One of the supposed benefits of AI image generators is that they can create anything. We can let our imagination run wild creating images of the most surreal scenes we could think of. Only they can't. Generative AI is limited by its training data, and image generators are still sometimes unable to create surprisingly simple requests.
Mia Sato, a writer at The Verge, has reported that she tried to get Meta's AI image generator to create an image of an Asian man with a white woman. And she came up against a consistent case of 'AI says no'. Despite using text prompts, including phrases such as 'white woman' and 'Caucasian woman', the text-to-image tool would only produce images of an Asian couple.
Diversity in AI image generators has been an issue since the beginning. Early models appeared to be skewed towards generating human characters with certain skin tones and body shapes, probably due to a disproportional number of professional models and celebrities in their training data. Google was widely ridiculed for its attempts to fix that – it's efforts to be inclusive led Gemini to generate images of ethnically diverse Nazis.
But Sato's experiment perhaps shows that Google's intentions were at least in the right place. She wrote on The Verge, that she tried numerous times with different text prompts to generate an image of an Asian man with a white woman, and the generator seemed incapable of producing the desired result. She tried both with texts describing a romantic couple and platonic friends, but the results were the same.

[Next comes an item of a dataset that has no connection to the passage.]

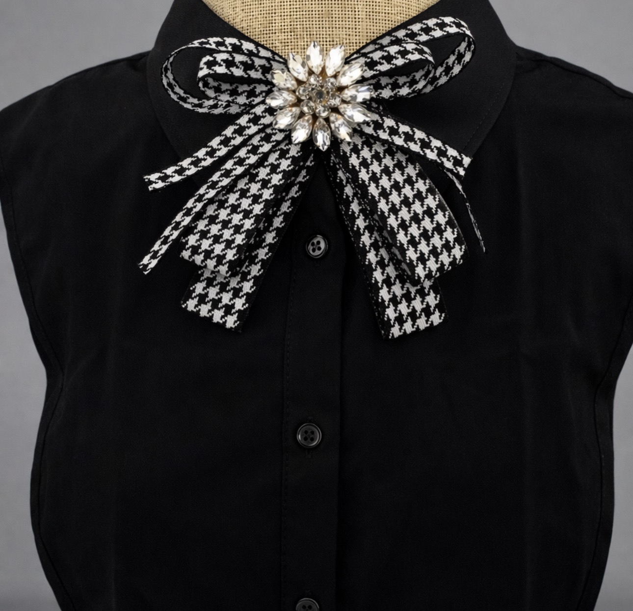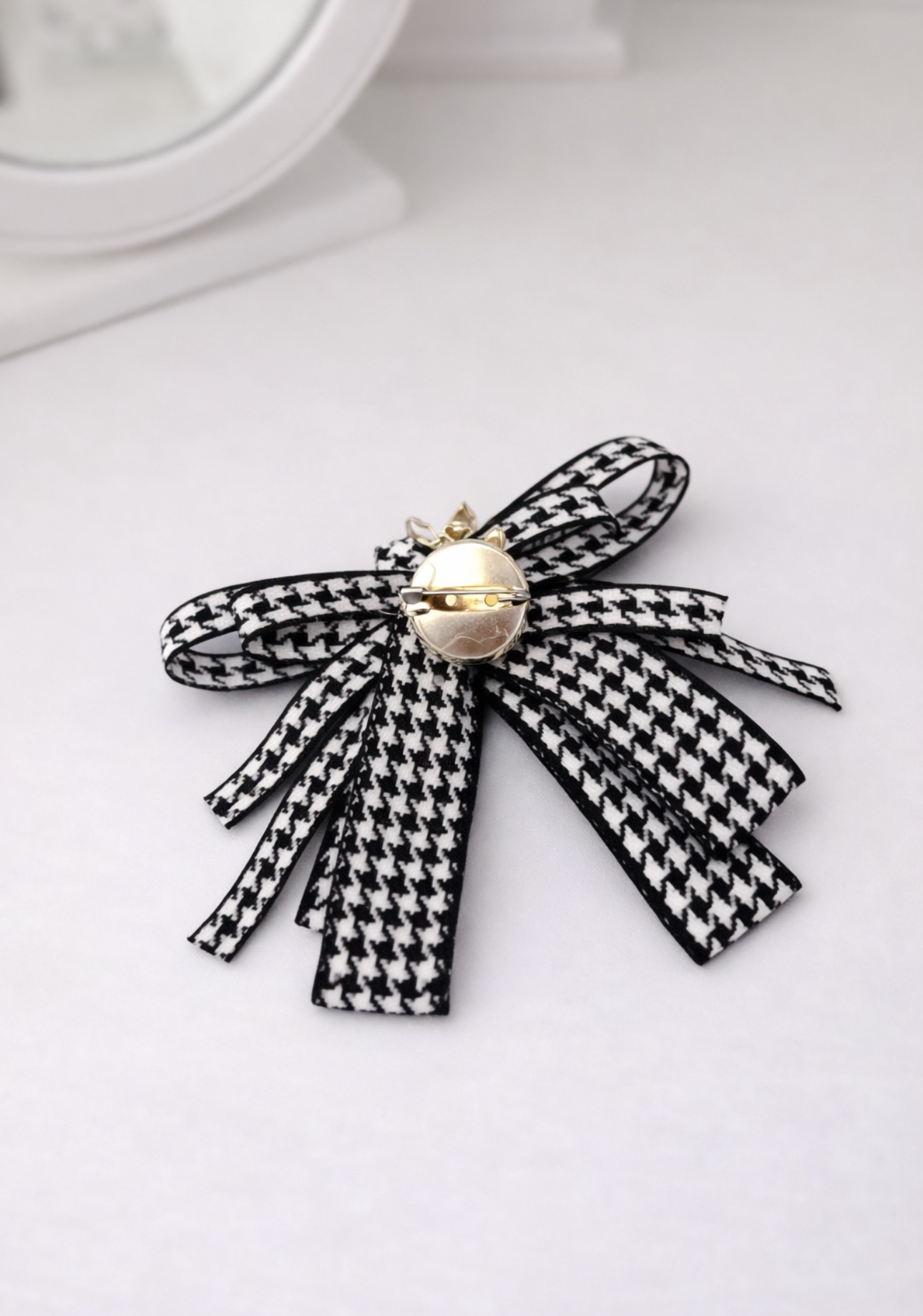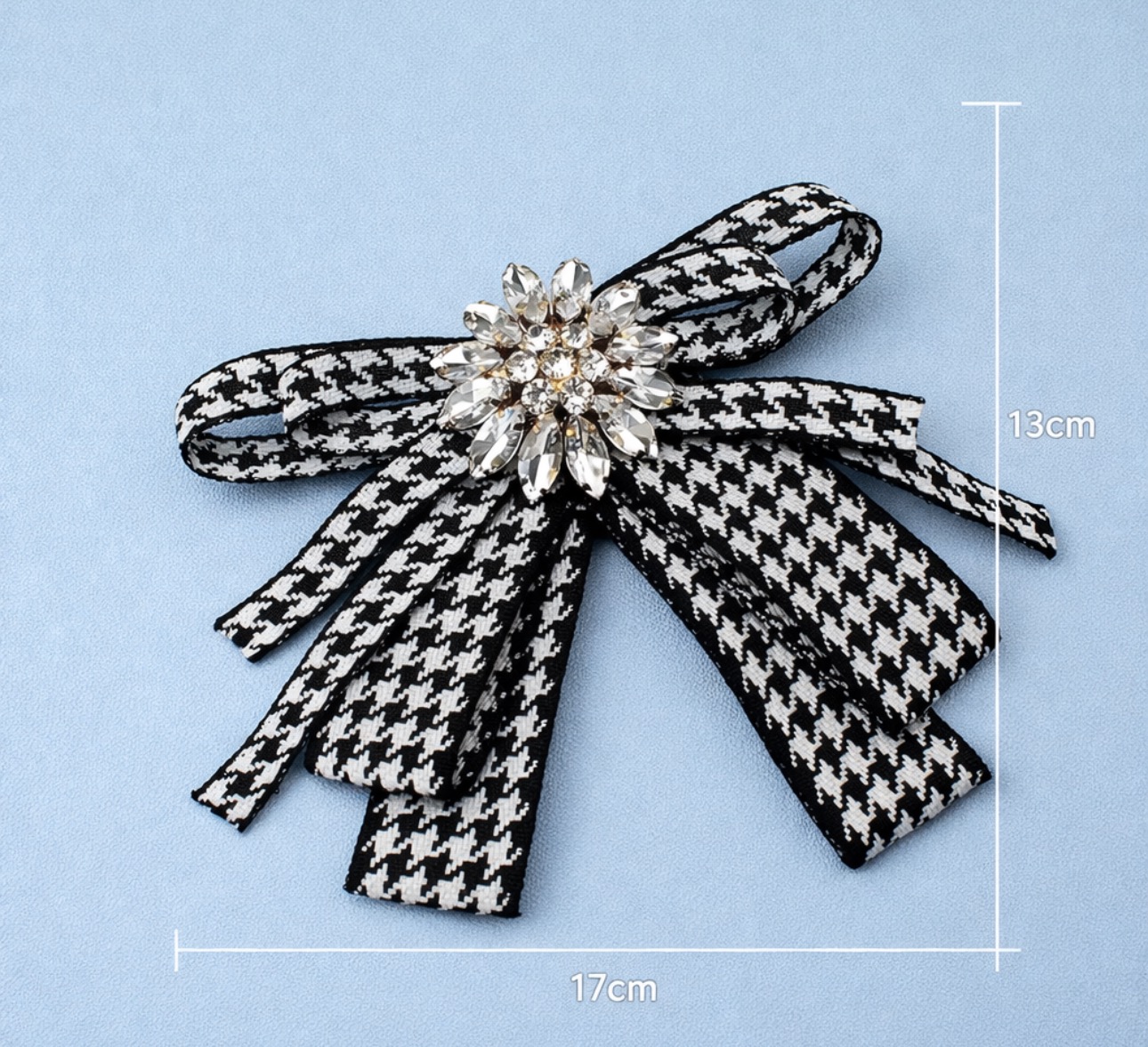 Ta ozdobna broszka – kokarda w pepitkę to połączenie ponadczasowej elegancji z modowym charakterem. Klasyczny czarno-biały wzór nadaje jej szyku, a centralna aplikacja z lśniących kryształków pięknie odbija światło, tworząc efekt luksusowej biżuterii.

She also noted that the generator tended towards stereotypes, including traditional dress, or hybrids of traditional dress, without being asked for it. The only time the image did manage to produce a result on the right lines, was when she switched things round to ask for an “Asian woman with Caucasian husband”, and it generated an image with a notable age gap between the older man and much younger Asian woman.

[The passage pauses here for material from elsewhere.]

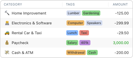 Want to see your finances your way? Create fully customizable views & reports and even add your own tags to track anything you want to, across all your categories and accounts.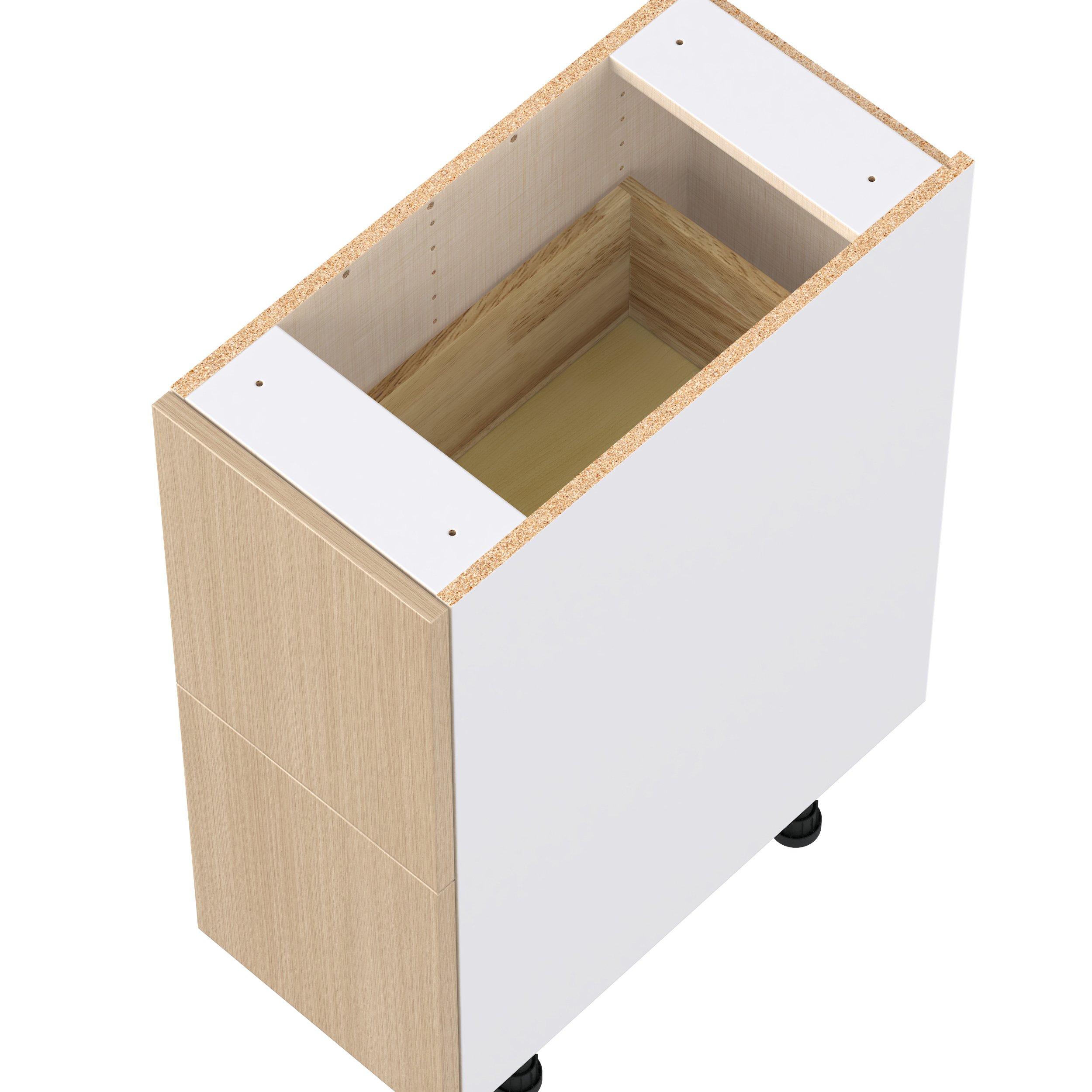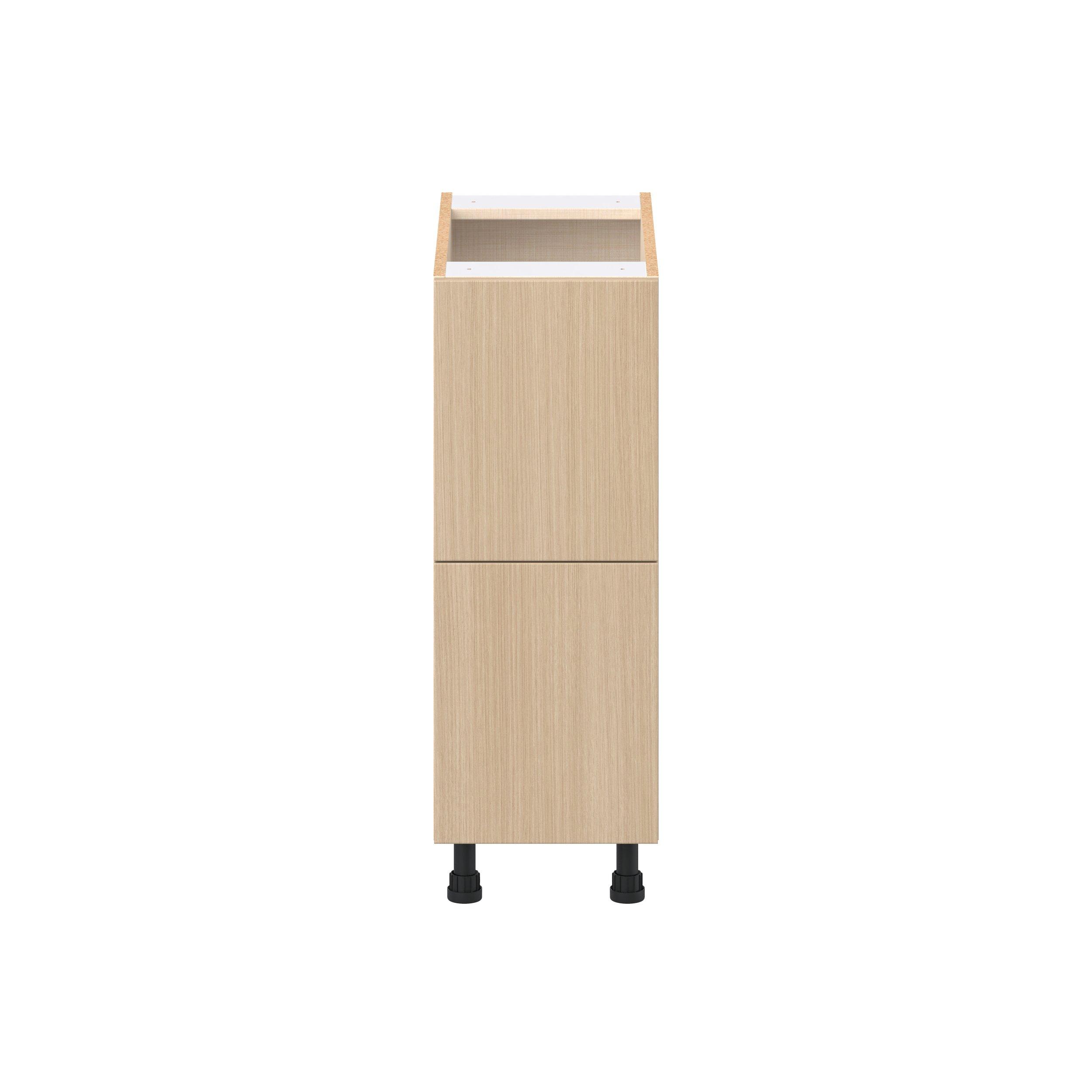 Elevate your project with the contemporary charm of Glenwood slab-style cabinets. Available in desert Mojavi oak and rich burnt walnut finishes, this collection captures the warmth and beauty of natural wood with the practicality of textured melamine. Crafted from one-piece MDF Studio Design Collection Glenwood 12 in. Mojavi Oak Drawer Base Cabinet is designed to resist hairline cracks while the easy-to-clean finish stands up to stains and moisture. Featuring 5-piece doors and dovetail drawer joints, these cabinets offer durability and elegance. This collection combines style with everyday storage solutions.

"The image generator not being able to conceive of Asian people standing next to white people is egregious," Sato wrote. "But there are also more subtle indications of bias in what the system returns automatically. For example, I noticed Meta’s tool consistently represented “Asian women” as being East Asian-looking with light complexions, even though India is the most populous country in the world. It added culturally specific attire even when unprompted. It generated several older Asian men, but the Asian women were always young."

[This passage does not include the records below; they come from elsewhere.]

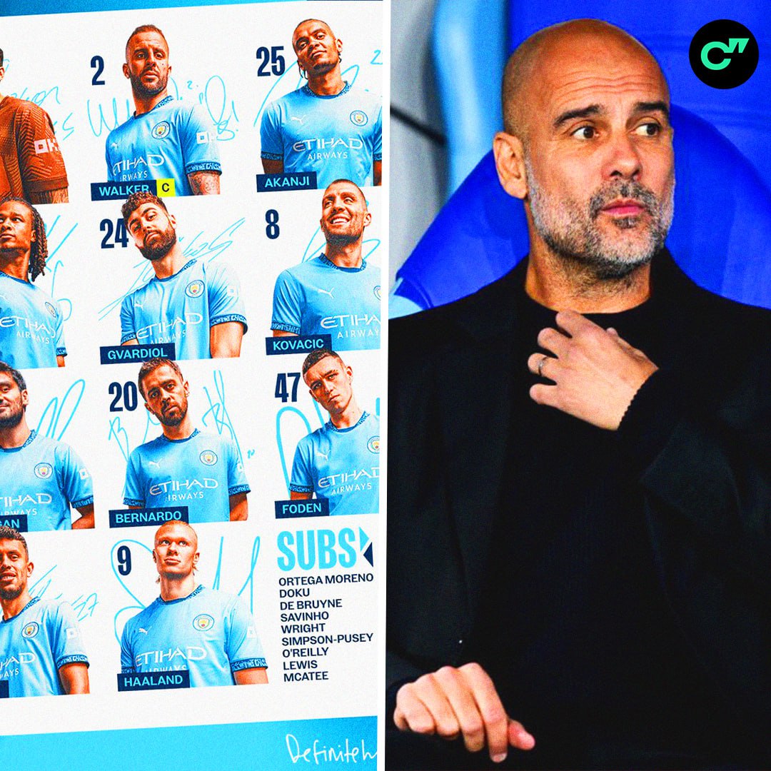 Состав «Ман Сити»: Гвардиол, Аканджи и Уокер в старте. Де Брюйне, Доку и Савио на скамейке запасных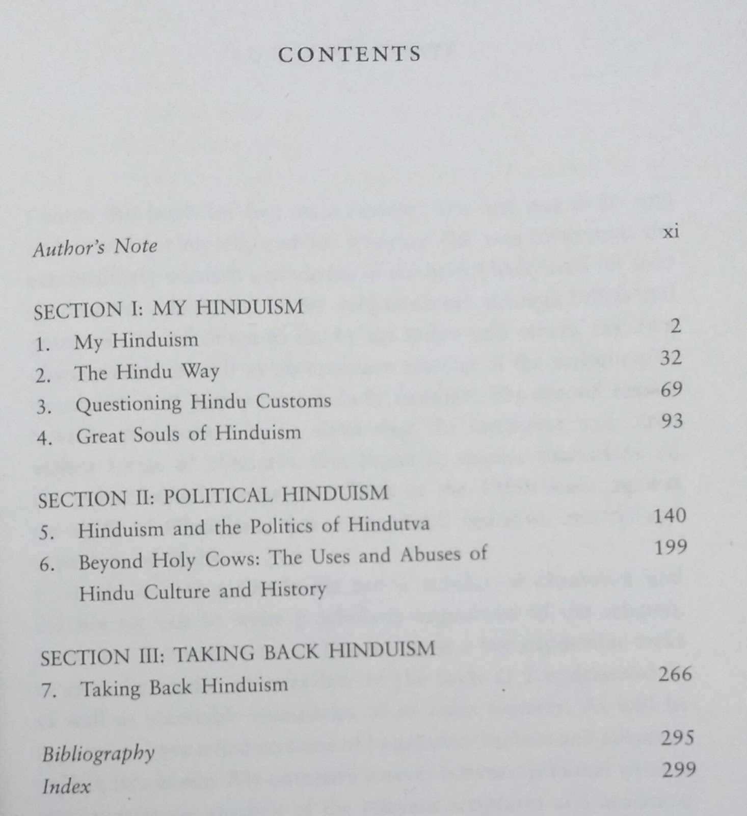 लेखक पुस्तकाची सुरुवात “मी हिंदू का आहे” या प्रश्नापासून करतो. त्याचे उत्तर “तो हिंदू कुटुंबात जन्माला आला म्हणून तो हिंदू आहे” असे आहे. त्याला लहानपणी धर्माची ओळख कशी झाली; त्यांच्या घरात खुलं वातावरण कसं होतं; तीर्थयात्रा-देवपुजा हे सगळं चालू असतानाही प्रथापरंपरांबद्दल खुलेपणा कसा होता; त्यामुळे धर्माकडे बघण्याची मोकळी दृष्टी, चिकित्सक वृत्ती त्याच्यात आली हे त्याने सांगितलं आहे.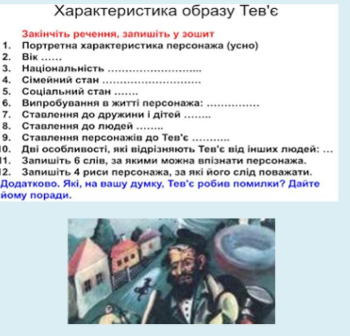 1)Тев'є — цілісна особистість. Він простакуватий і шляхетний, розуміє людей і тонко відчуває красу природи, завжди поводиться гідно і ніколи не грішить проти совісті. Працьовитий, комунікабельний, філософ, любить цитувати Святе письмо, мудрий, вміє прощати, має почуття гумору.

Sato's experience shows that while AI image generators continue to improve the quality of results, and to add new features, like DALL-E' 3 s new editing in ChatGPT, they still display significant bias. And that's worrying as AI imagery becomes more prevalent online, potentially serving to reinforce biases even more. Some have suggested that Meta's model takes a front-first approach to prompts, so the first keyword will often outweigh later ones, but even that highlights the often unreliable nature of the tools' quirks and the amount of supervision they require.